Kalian tahu teman, apa yang paling di rindukan oleh anak-anak rantauan seperti kami ini,
“Kiriman dari orang tua tentu bukan dalam hal financial, tetapi lebih kepada materi yang tidak sengaja kami minta karena menahan kerinduan untuk pulang ke rumah. Dari itu semua, tentu ada yang lebih penting lagi, yaitu kunjungan orang tua. Sekalipun ketika mereka pamit untuk pulang, ada keinginan dalam hati untuk minta ikut pulang bersama.”


Setidaknya hari ini ada yang membuatku paham mengenai makna dari kerinduan dan harapan itu sendiri. Yang pasti tidak sesederhana seperti kirim-mengirim barang dan kunjungan orang tua. Tetapi lebih dari itu.
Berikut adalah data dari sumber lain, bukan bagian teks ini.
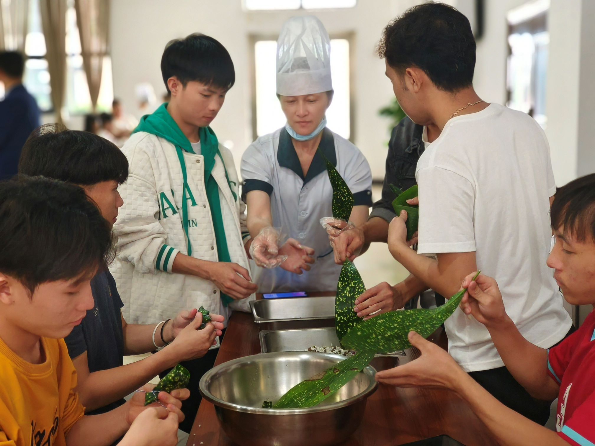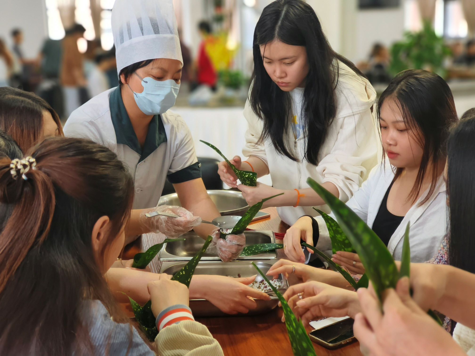 To help international students at our school experience Chinese traditional culture and the Dragon Boat Festival, on the afternoon of June 7, 2024, the "Zongzi Emotion, Silk Road Resonance" Dragon Boat Festival cultural experience event was held at the school's academic exchange center, organized by the international cooperation office, logistics department, school youth league committee, and student affairs office.
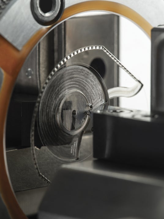 プラチナはその並外れた稀少性に加えて、金よりも加工が困難です。特にプラチナ製部品を機械加工するプロセスでは、特殊な工具を用いて機械工がより手をかける必要があります。その結果、プラチナ製ケースの製作には18Kゴールド製のケースの最大3倍もの時間がかかります。
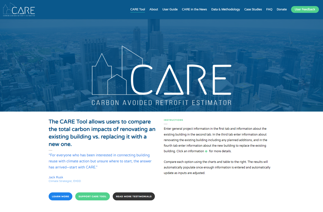 The CARE (Carbon Avoided: Retrofit Estimator) Tool is used for estimating and comparing the embodied, operating, and avoided carbon impacts and benefits of reusing and upgrading existing buildings or replacing them with new construction. CARE is the first tool that uses high-level inputs to generate valuable, early decision-making information about and when and how building reuse is the right carbon decision.
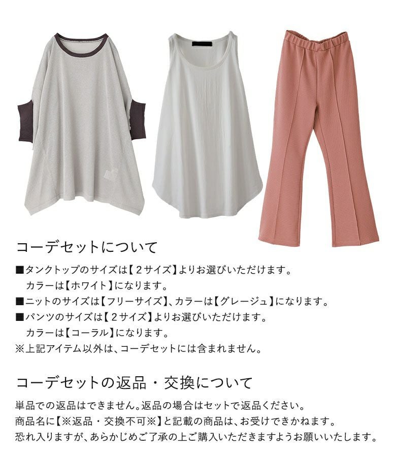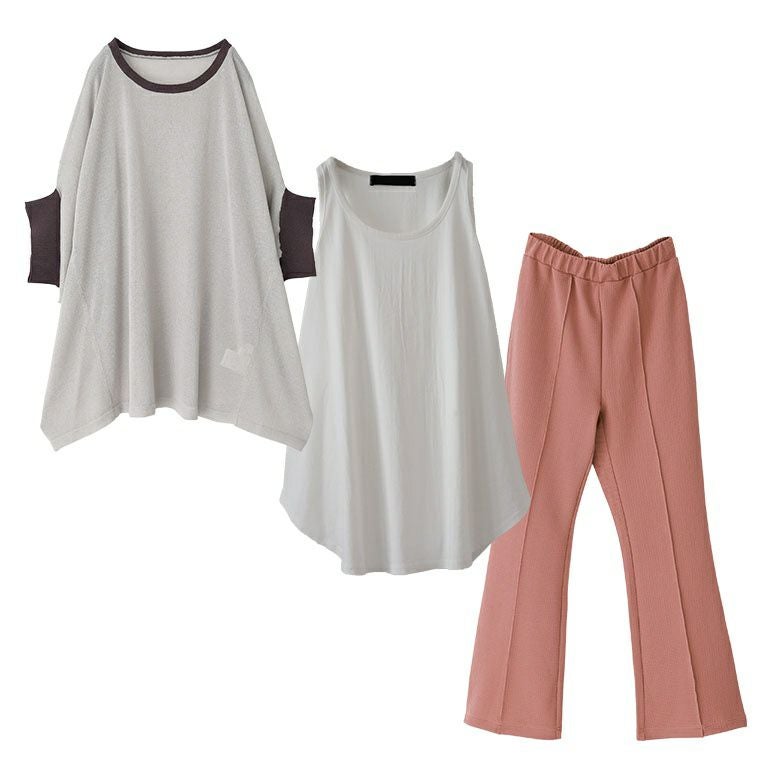 他の画像を見る 送料無料★届いてすぐにお洒落に変身3点コーデSET♪ 【送料無料】『接触冷感カットソーフレアパンツ×シンプルシャツ型タンクトップ×冷感UVカットルマンシアーニットコーデ3点SET』【メール便不可】【25】 ¥ 8,930 税込 (0)
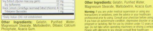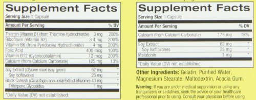 -. Feature : May reduce hot flashes, night sweats, mood swings, and other symp of menopause / Might support body's hormone balance among pre-menopausal women (in late 30s) / Includes soy, calcium, black cohosh, and many vitamins / Includes 30 capsules of A.M. formula and 30 capsules of P.M. formula / Please read all label information on delivery
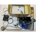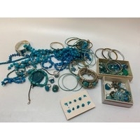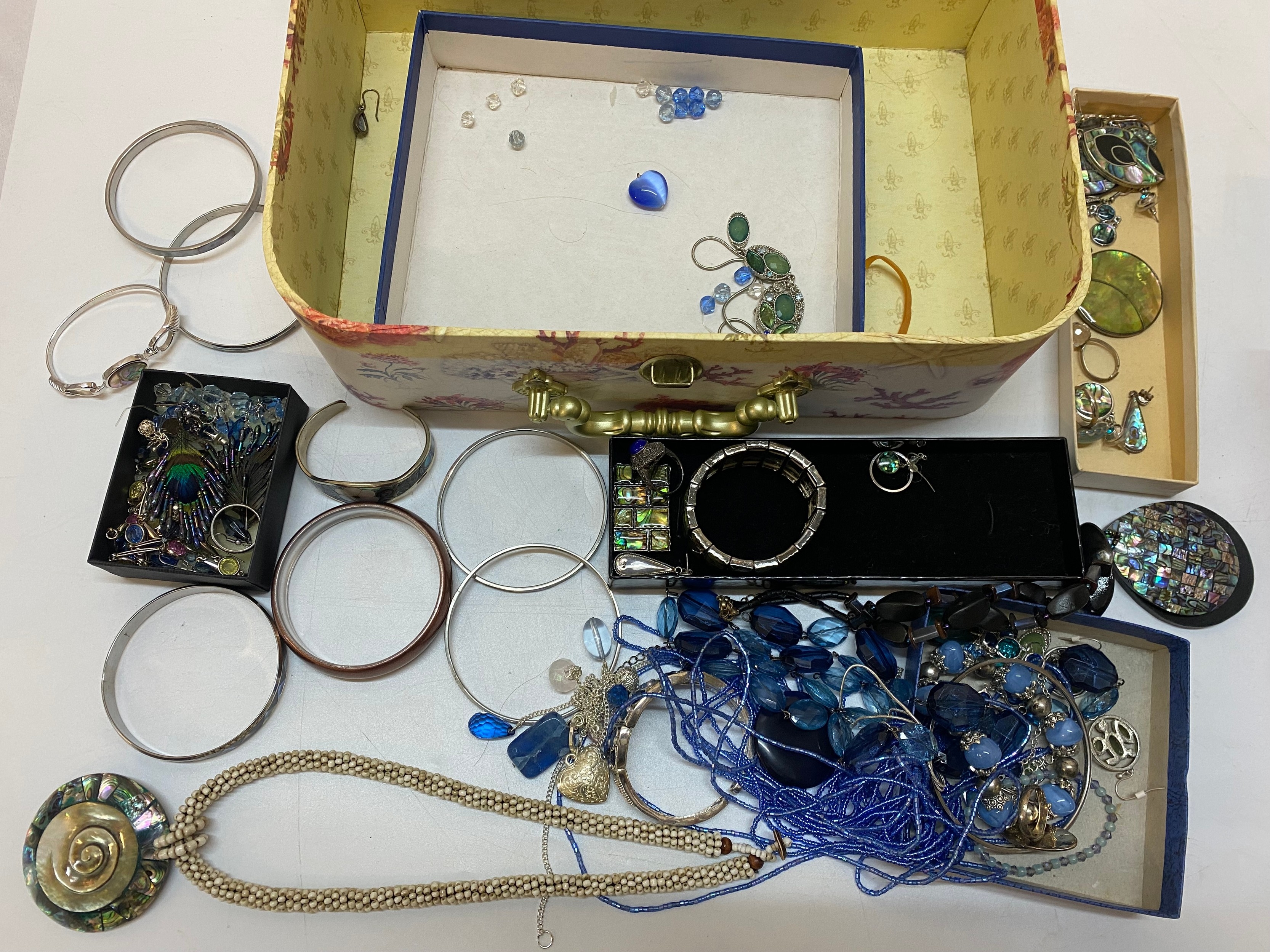 A coral decorated storage case containing a selection of abalone set jewellery, multi stand blue bead necklaces, bangles, earrings, necklaces, paste set necklaces etc..
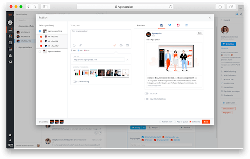 Agorapulse ti permette di postare simultaneamente su varie piattaforme social. Grazie a questo, puoi connetterti con potenziali partner commerciali e mantenere i contatti con il tuo database esistente tramite la comunicazione social.
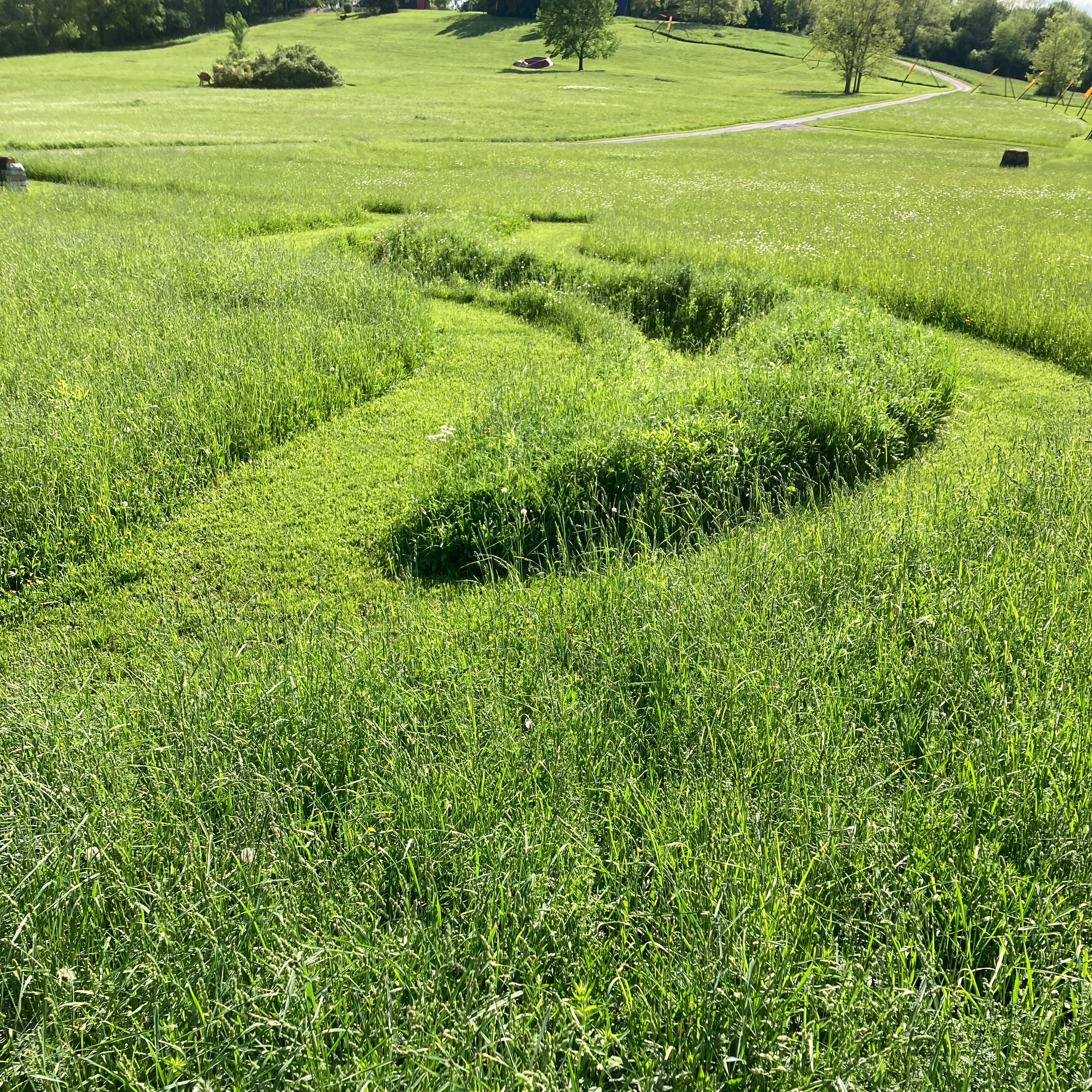 By combining clay loam topsoil, lime, and water, shoveling the mixture into molds, and tamping, Xinan Ran and collaborator Sarah Lammer created 3D letters on three sites on the grounds. The sculptural texts, "hurry", "worrying and wondering", and "wingwoman", are drawn from Ran's ongoing collection of overheard conversations, internet reviews, and found text. Visitors are encouraged to take selfies with the ground texts. Read an interview with the artist to learn more about this work.

Hanya saja inilah kerinduan dan harapan yang aku definisikan dari sudut pandang yang berbeda dan dari permasalahan yang sangat sederhana menurutku.

Aaaahhh..mungkin ini pun masih ada kekurangannya, bukan karena perasaanku yang salah tetapi mungkin karena ilmu penyampaian dan pemahamanku yang masih sempit.